If the vehicle is still sinking and not yet submerged, hang on to the outside and help any children if present. Look for the shore and push off from the vehicle as it sinks below the surface.
If the vehicle is already submerged, push off the car to get to the surface quicker. Once on the surface, help any children and look for the shore.
Step 3: If escaping via the door. If you cannot get the window to roll down or don't have anything to break it, you may need to wait for the pressure inside the vehicle to equalize with the water pressure outside.
Keep calm, breathing normally until the water is chest high. Once the water is chest high, take a deep breath and hold your nose. Advise any children of this as well.
Keep your hand on the door latch to stay oriented.
As the pressure equalizes, open the door and exit the vehicle. Make sure to help any children out first.

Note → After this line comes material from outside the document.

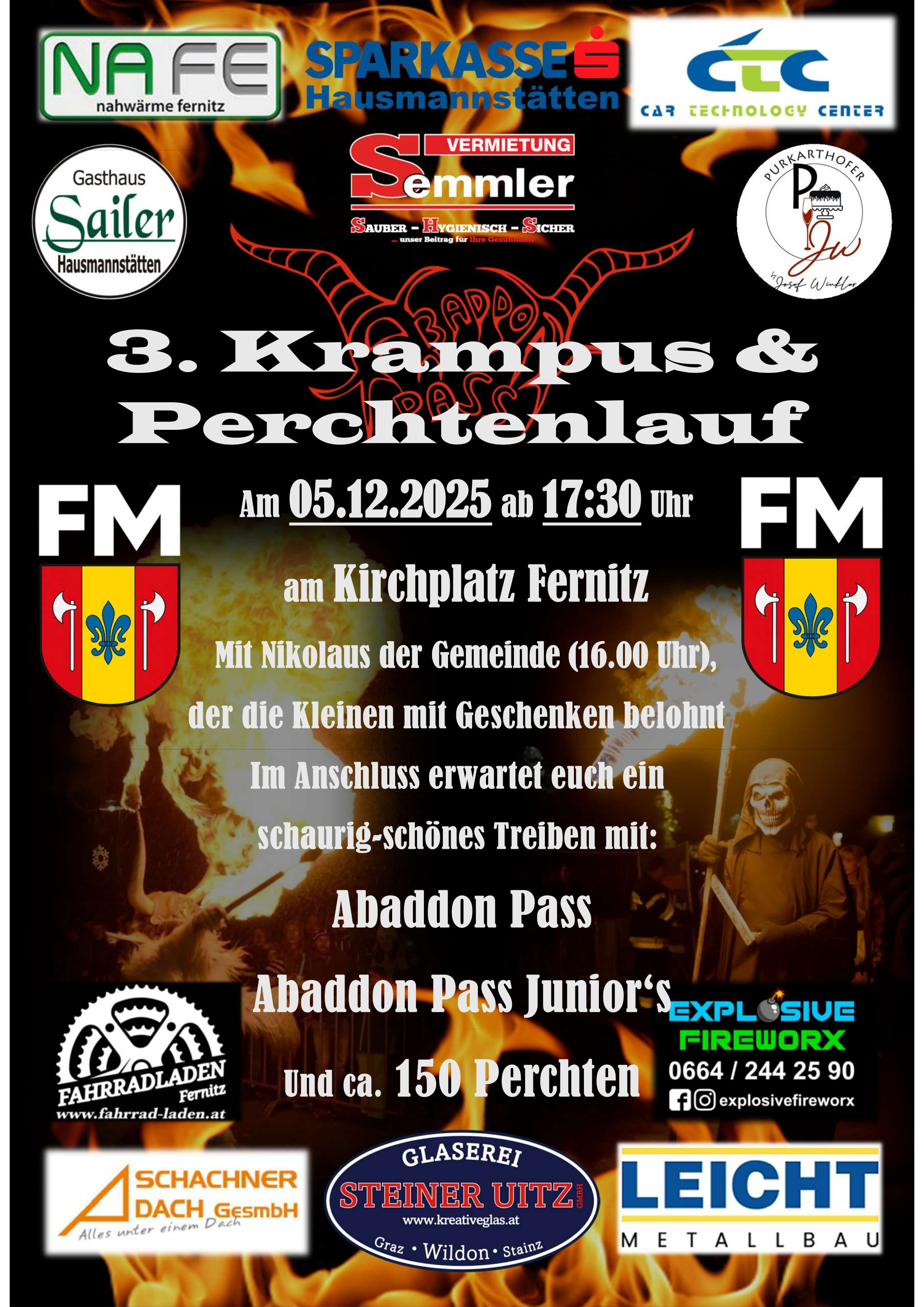 Im Anschluss erwartet euch ein schaurig-schönes Treiben mit: Abaddon Pass Abaddon Pass Junior`s und ca. 150 Perchten

Once everyone is clear, swim toward the surface, help any children, and swim for shore.
Step 4: Seek medical attention. Once safely on shore, tend to anyone injured or perform CPR if needed.
You should also call emergency services if you are able or flag someone down to help you.
You also need to be aware of hypothermia and seek warmth as soon as possible.
Car accidents are scary, but finding yourself in a sinking car is a nightmare scenario. By remaining calm and following some life-saving steps, you can escape a watery grave. You should also keep in mind any children who are in the car with you and make sure they make their escape before you do.